Personal information
- Full name: Lee Ji-hyun
- National team: South Korea
- Born: 10 March 1982 (age 44) Gyeonggi-do, South Korea
- Height: 1.68 m (5 ft 6 in)
- Weight: 55 kg (121 lb)

Korean name
- Hangul: 이지현
- RR: I Jihyeon
- MR: I Chihyŏn

Sport
- Sport: Swimming
- Strokes: Individual medley

= Lee Ji-hyun (swimmer, born 1982) =

South Korean swimmer

Lee Ji-hyun (born March 10, 1982) is a South Korean former swimmer, who specialized in individual medley events. She represented her nation South Korea in two editions of the Olympic Games (1996 and 2000), and also a top eight finalist in the 400 m individual medley at the 1998 Asian Games in Bangkok, Thailand.
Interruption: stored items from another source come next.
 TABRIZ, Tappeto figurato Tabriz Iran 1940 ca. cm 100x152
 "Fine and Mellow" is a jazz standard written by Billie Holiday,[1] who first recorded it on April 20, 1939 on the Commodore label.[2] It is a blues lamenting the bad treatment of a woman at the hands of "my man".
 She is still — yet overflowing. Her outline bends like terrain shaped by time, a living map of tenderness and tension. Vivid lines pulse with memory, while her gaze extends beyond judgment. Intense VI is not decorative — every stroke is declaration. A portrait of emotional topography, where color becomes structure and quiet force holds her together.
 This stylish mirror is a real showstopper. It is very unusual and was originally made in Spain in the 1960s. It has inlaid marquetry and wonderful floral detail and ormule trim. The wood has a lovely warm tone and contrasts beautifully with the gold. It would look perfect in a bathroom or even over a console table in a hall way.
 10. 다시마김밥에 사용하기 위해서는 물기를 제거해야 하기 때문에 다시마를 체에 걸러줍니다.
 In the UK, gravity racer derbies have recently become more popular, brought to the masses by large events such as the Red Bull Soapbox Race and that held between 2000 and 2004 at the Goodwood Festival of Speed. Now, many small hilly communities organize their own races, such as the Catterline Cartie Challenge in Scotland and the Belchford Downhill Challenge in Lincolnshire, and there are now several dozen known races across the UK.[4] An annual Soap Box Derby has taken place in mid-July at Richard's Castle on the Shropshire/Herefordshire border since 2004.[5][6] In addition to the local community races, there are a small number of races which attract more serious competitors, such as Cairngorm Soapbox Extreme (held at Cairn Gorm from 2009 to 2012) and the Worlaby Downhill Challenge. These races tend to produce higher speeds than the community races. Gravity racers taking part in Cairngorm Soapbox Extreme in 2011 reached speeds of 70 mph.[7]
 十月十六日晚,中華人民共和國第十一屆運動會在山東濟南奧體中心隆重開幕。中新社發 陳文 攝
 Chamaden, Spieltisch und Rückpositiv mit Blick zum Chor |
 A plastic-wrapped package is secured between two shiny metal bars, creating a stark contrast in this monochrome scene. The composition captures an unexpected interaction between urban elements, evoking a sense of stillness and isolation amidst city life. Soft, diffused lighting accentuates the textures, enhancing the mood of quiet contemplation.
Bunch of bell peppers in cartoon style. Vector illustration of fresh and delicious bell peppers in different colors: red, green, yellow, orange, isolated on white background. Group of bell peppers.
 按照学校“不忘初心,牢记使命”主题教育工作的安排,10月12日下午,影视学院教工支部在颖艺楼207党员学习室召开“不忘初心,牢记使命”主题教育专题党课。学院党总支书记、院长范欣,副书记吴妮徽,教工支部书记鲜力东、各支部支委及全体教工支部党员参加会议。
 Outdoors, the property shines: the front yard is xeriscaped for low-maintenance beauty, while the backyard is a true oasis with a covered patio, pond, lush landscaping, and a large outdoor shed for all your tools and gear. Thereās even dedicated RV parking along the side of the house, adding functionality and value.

Lee made her first South Korean team, as a fourteen-year-old teen, at the 1996 Summer Olympics in Atlanta, swimming only in the women's 400 m individual medley. There, she fought off a sprint freestyle challenge from Hsieh Shu-tzu to invincibly dip the five-minute barrier for the sixth spot and twenty-eighth overall in the opening heat, finishing with a time of 4:59.52.
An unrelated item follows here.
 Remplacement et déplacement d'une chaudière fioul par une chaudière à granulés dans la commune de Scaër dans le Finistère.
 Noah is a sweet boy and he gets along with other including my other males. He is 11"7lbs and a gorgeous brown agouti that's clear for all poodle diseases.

At the 2000 Summer Olympics in Sydney, Lee qualified for the second time in the 400 m individual medley by clearing FINA B-cut of 4:48.76 from the Dong-A Swimming Championships in Ulsan. Swimming in the last of four heats, Lee came from behind at the final turn to edge out Malaysia's Sia Wai Yen with a robust freestyle kick for the seventh seed in 4:58.94, just ten seconds below her submitted entry standard. Lee failed to advance into the semifinals, as she placed twenty-third overall on the first day of prelims.